Objectively speaking, for the purposes of this essay, a good novel, or one of better
quality, will be defined as a book that cannot, under any circumstances, be described as
“typical.” Merriam-Webster’s Collegiate Dictionary defines typical as: “1. constituting or
having the nature of a type; 2a. combining or exhibiting the essential characteristics of a
group, b. conforming to a type.” The key concepts associated with a “good book,”
therefore, are a sense of innovation, originality, and rebellion from a “type,” or a novel
that not only exhibits the qualities previously described but does so in a new and unusual
way. A typical book is one that follows the aforementioned definition by residing within
the confines of a specific, formulaic genre, and therefore limits the width of the reading
experience it can give.
Thus, the genres of The Wolf and the Dove and Wuthering Heights must be
examined. According to Janice Radway’s Smithton readers in Reading the Romance, a
romance is “a love story whose gradually evolving course must be experienced from the
heroine’s point of view” (70). Already it seems evident just how different Woodiwiss’s
and Brontë’s novels are in respect to this genre, and that Woodiwiss has followed such
stated “rules” while Brontë has not. None of the principal actions in Wuthering Heights
are related by the heroine, Catherine, while almost all of them are experienced in some
way by the heroine of The Wolf and the Dove, Aislinn.
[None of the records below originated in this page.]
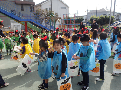 本日は、ハロウィンです。保育部と幼稚部に分かれて外に行きました。 幼稚部さんは桃の木公園へ。ここでは町会の方々が向かてくださいました。 「トリック・オア・トリート」 「ハッピー・ハロウィーン」 公園内数か所に待機している…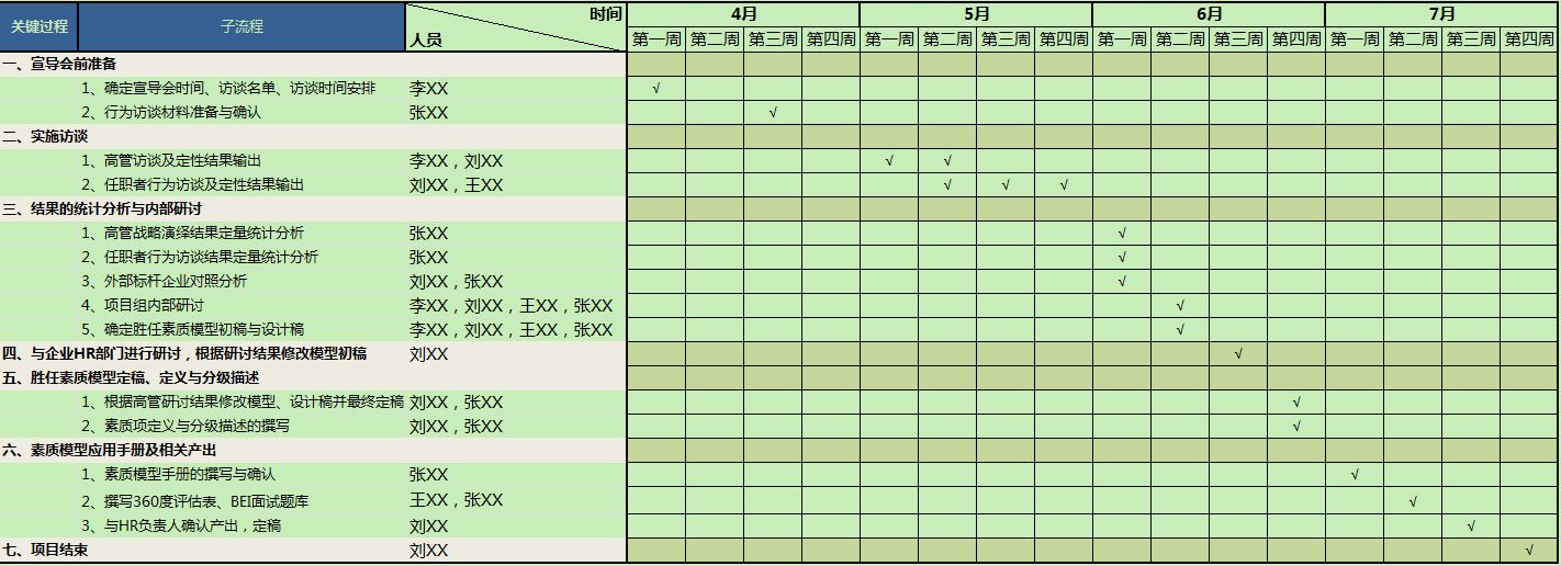 在时间表的安排中,主要可以分为三大块时间。第一块是宣导会和访谈,第二块是统计分析和检核,第三块是产出胜任力模型。
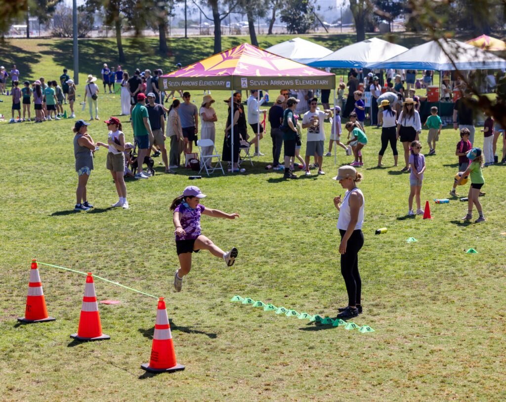 Every year, the Seven Arrows community participates in a variety of Athletics Events. We start the year with the Walk-A-Thon, which is a fun fundraiser in support of our Athletics Department. In the spring, the whole school splits into two teams and competes during Athletics Day. Just before summer break, together we celebrate Family Field Day. Another great event is our Sixth Grade Triathlon, where our Sixth Graders swim, cycle and run in an important rite of passage. The whole school cheers them on as they reach the top of Temescal.

The Wolf and the Dove’s further
classification as a romance can be observed in context with Arthur Heiserman’s extensive
expounding on the subject: “In the stories we call romances, the triumphant victims suffer
seriously, and their triumph gives us sometimes the additional high pleasure of inferring
that virtue is rewarded...” (89). Aislinn and the hero, Wulfgar, endure countless trials of
mind and body before finally coming home to happiness and reward. The final line of the
book sums up this point nicely: “Darkenwald had found a place for all” (508). Using
these initial findings, it can be assumed that The Wolf and the Dove works within the
type category of romance. It is as yet not known where Wuthering Heights falls in respect
to this.
The Wolf and the Dove’s adherence to the typical romance formula can be
emphasized by comparing its pleasures and intentions with those that the Smithton
romance readers associate with “good” books of the genre. In Reading the Romance, they
identify the importance of an intelligent, feisty heroine. From The Wolf and the Dove:
“’Oh, you swollen-headed buffoon!’ [Aislinn] cried, straining against him” (181).
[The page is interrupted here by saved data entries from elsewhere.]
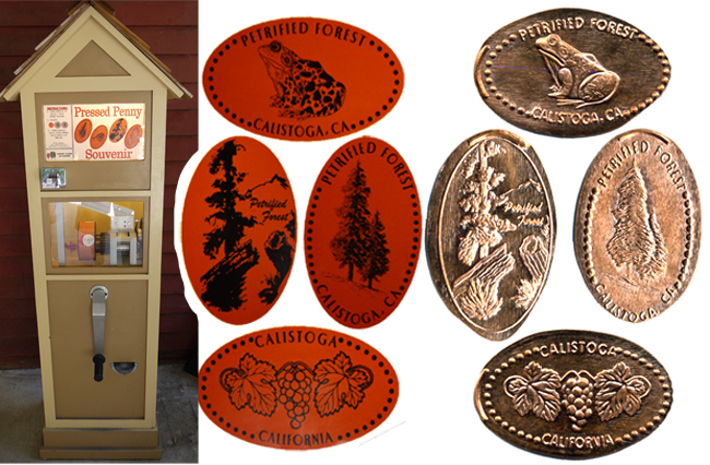 Machine 2 is out the back door of the Gift Shop on the patio. Cost to press: 51¢ each design. Designs: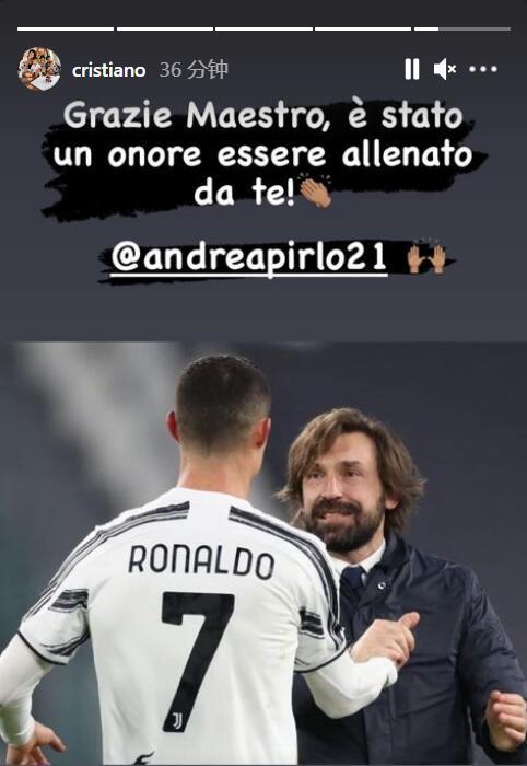 24直播网讯 北京时间5月28日,尤文官方宣布皮尔洛不再担任球队主帅。尤文球员C罗在个人社交媒体上告别皮尔洛。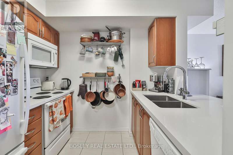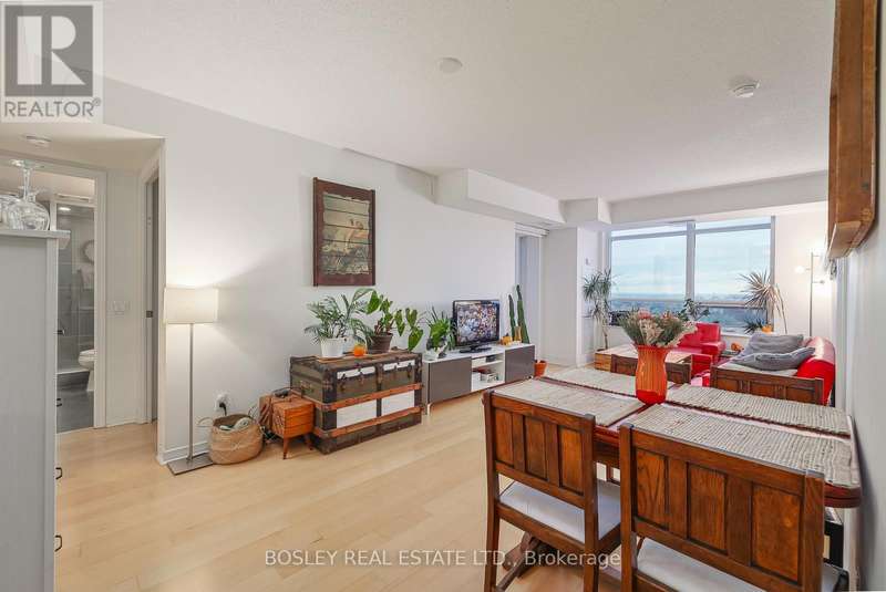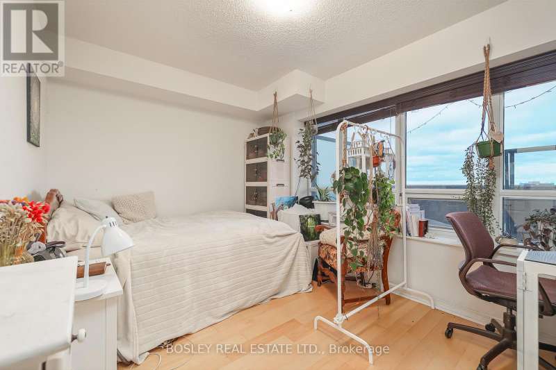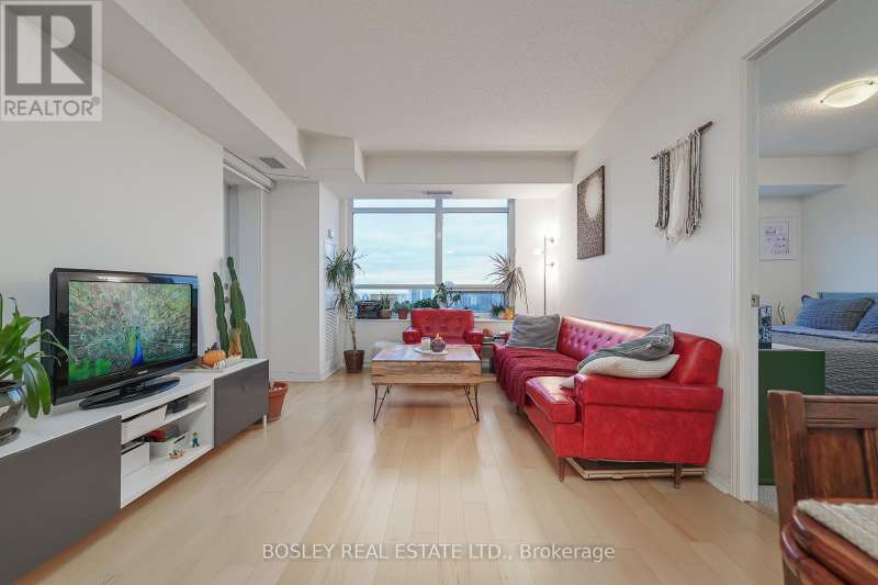 Spectacular, sun-drenched home at Heintzman Place! Soaring above the city on the 20th floor, this suite offers breathtaking unobstructed views of the skyline and lake. The highly desired split 2-bedroom, 2-bath layout provides exceptional functionality across 895 sq ft of bright, open-concept living space. The savvy, bistro-style galley kitchen is ideal for the urban cook, offering efficient design and seamless flow. A separate entry foyer provides practical space for daily essentials. The open-concept living and dining areas create an inviting setting for relaxing or entertaining. The generous primary suite includes a 4-piece ensuite, walk-in closet, and room for a king-sized bed, while the second bedroom features an oversized window and great natural light. Neutral finishes, upgraded flooring, and upgraded countertops offer a fresh, move-in-ready feel. Enjoy a large, private south-facing balcony with panoramic views, your own serene outdoor retreat in the city. Original owner. Includes garage parking and storage locker. Well run building with great amenities: 24hr concierge, gym, party room, library, BBQ terrace, pet wash station, visitor parking, bike storage + EV charging stations. (id:7434)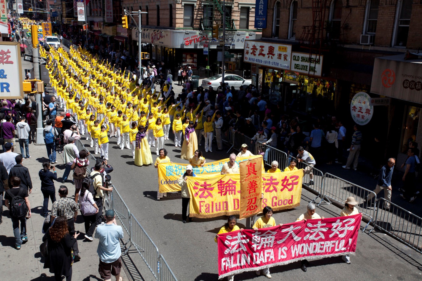 这一天,在美国纽约的曼哈顿,从上午八点开始就有来自世界各地的约七千名法轮大法学员集体炼功,而后是盛大的游行活动。浩大的游行队伍由“大法洪传”、“千古奇冤”、“各界支持三退解体中共”三个方阵组成,游行路线经过十几个街区延绵不断,迎风招展的各种颜色的几千条展板和横幅,传达着法轮功学员的心声:“普天同庆法轮大法洪传二十周年”、“法轮大法好”、“世界需要真善忍”、“历史巨变在眼前,真相就是指路灯”以及“天要灭中共,退党保平安”。游行结束后,法轮大法学员们又在不同地区继续进行庆典活动。下午数百名法轮功学员还在时代广场搭起舞台,以合唱、独唱,载歌载舞等方式尽展才华,表达对大法师父的无限感恩。

Countless comments like these make Aislinn the perfect candidate for a romance reader’s
ideal heroine. The Smithton readers also describe the importance of a happy ending -
already identified in Woodiwiss’s novel - and a “slowly but consistently developing love
between hero and heroine” (67). Aislinn and Wulfgar meet at the beginning of the noel
and yet are not truly in love until almost its close; still, there is no doubt that they are
reluctantly falling for each other during the pages in between. Kathleen Woodiwiss
seems to know what her romance readers want, and therefore has produced a novel with a
particular set of intrigues that have pleased fans of the genre for years.
These specific plot devices, which are essential to a romance, are Proppian
functions for similar stories in repetition, much like the folktales Propp studied in his
Morphology of the Folktale. Functions, according to Propp, “constitute the basic
elements of a tale, those elements upon which the course of the action is built” (71).
These plot elements are essentially the same in all books that the Smithton readers deem
“good”; Radway comments that “In fact, a sequence of thirteen narrative functions does
recur in the Smithton readers’ favourite books” (120). Radway defines these in terms of
the relationship between the heroine and hero, such as “The heroine responds to the
hero’s behavior with anger...” and “The hero openly declares his love for the heroine...”
(134). Even without following Radway’s exact scheme, recurrent plot elements can be
found in any number of romances: the hero and heroine meet, experience conflict, etc.,
eventually leading up to the ultimate joining of the two and the obligatory happy ending.
These functions occur in The Wolf and the Dove as in any other romance: Aislinn
confronts Wulfgar, she resents him, etc., until they marry and live happily ever after in
Darkenwald together. Such a scheme apparently “conforms to a type,” which has earlier
been identified as a trait of typical novels.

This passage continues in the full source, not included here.